Items from a dataset:
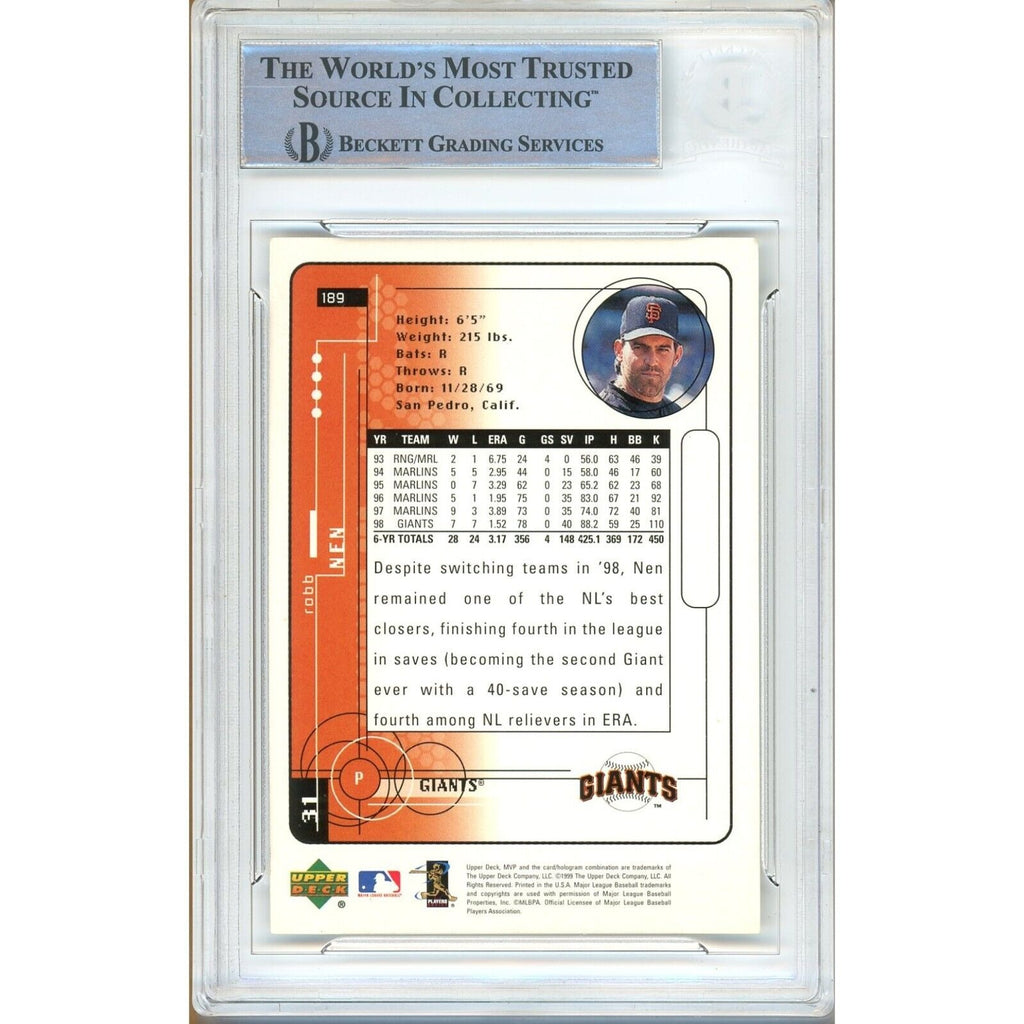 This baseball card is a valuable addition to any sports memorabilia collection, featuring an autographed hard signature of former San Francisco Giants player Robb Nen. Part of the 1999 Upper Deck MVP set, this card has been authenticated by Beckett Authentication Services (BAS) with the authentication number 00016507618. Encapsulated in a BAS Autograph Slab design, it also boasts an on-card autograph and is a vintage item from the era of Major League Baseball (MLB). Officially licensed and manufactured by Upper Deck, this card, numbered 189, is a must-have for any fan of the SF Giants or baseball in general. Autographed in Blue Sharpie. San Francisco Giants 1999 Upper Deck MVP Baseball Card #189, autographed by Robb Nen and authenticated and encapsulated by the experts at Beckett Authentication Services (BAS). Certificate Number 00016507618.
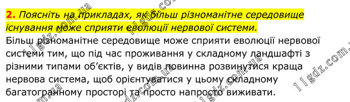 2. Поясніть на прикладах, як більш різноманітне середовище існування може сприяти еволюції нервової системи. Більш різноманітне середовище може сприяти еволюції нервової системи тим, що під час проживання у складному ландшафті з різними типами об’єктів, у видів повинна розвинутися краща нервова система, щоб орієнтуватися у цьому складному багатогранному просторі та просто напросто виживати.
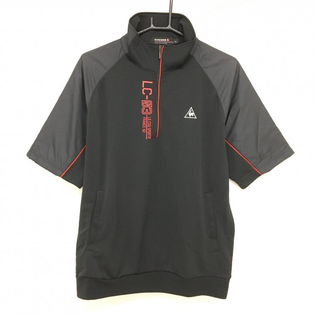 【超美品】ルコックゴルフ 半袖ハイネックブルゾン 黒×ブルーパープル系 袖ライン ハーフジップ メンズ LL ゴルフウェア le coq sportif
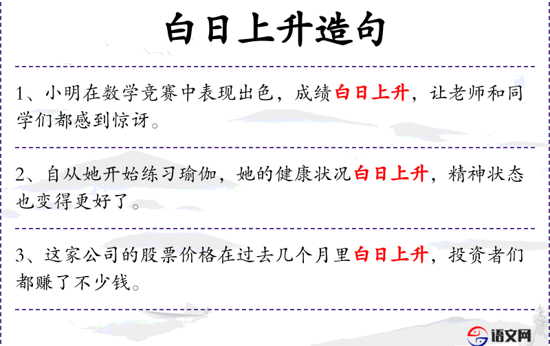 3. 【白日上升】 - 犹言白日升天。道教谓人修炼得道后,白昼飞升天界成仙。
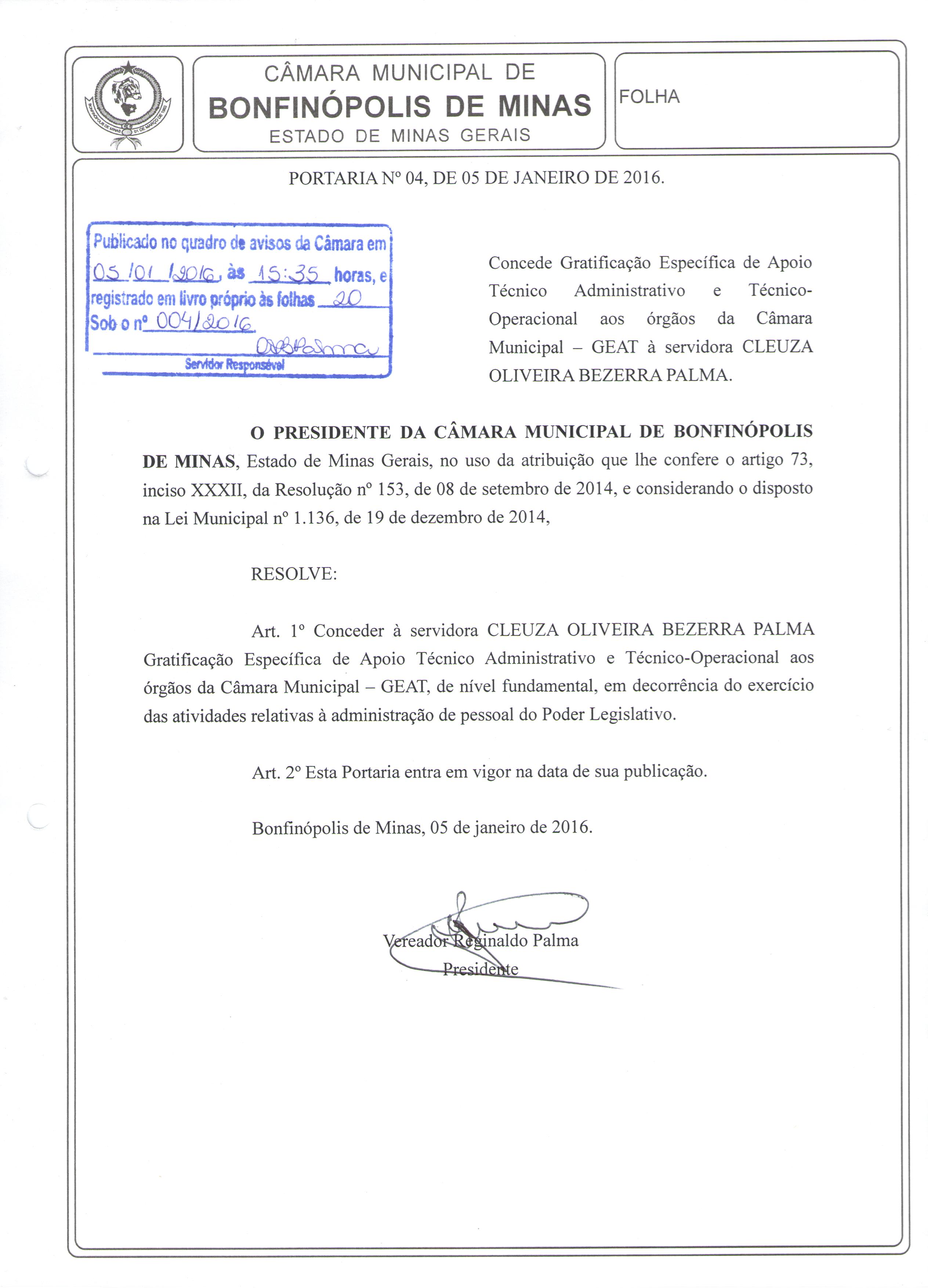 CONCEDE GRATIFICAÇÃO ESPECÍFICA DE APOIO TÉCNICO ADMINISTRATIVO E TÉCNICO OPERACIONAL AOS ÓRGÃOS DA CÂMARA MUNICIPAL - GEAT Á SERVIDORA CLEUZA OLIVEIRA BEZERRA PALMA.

* * *

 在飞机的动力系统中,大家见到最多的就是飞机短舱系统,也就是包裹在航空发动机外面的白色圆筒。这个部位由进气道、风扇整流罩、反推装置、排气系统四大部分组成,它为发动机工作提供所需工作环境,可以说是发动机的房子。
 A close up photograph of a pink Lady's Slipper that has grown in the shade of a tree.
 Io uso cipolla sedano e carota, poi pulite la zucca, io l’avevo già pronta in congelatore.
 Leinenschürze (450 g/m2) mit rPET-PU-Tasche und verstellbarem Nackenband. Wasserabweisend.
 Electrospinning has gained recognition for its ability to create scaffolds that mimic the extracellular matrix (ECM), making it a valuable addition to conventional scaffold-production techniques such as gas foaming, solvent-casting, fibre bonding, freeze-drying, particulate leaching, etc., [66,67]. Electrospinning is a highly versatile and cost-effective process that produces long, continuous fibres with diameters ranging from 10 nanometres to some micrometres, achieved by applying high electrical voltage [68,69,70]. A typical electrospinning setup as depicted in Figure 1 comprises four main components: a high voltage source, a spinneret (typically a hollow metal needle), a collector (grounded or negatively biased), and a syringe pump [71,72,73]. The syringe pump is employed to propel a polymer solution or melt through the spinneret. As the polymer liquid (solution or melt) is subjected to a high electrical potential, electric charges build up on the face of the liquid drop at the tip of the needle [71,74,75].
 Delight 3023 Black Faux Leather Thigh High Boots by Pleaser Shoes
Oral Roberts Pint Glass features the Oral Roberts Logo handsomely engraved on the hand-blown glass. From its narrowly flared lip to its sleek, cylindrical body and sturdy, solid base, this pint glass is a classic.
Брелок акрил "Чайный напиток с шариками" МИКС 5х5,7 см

## Work instruction
Return only the lines between the one holding "A close up photograph" and the one holding "Leinenschürze (450 g/m2)", inclusive, exactly as they appear above.

## Solution for this task
 A close up photograph of a pink Lady's Slipper that has grown in the shade of a tree.
 Io uso cipolla sedano e carota, poi pulite la zucca, io l’avevo già pronta in congelatore.
 Leinenschürze (450 g/m2) mit rPET-PU-Tasche und verstellbarem Nackenband. Wasserabweisend.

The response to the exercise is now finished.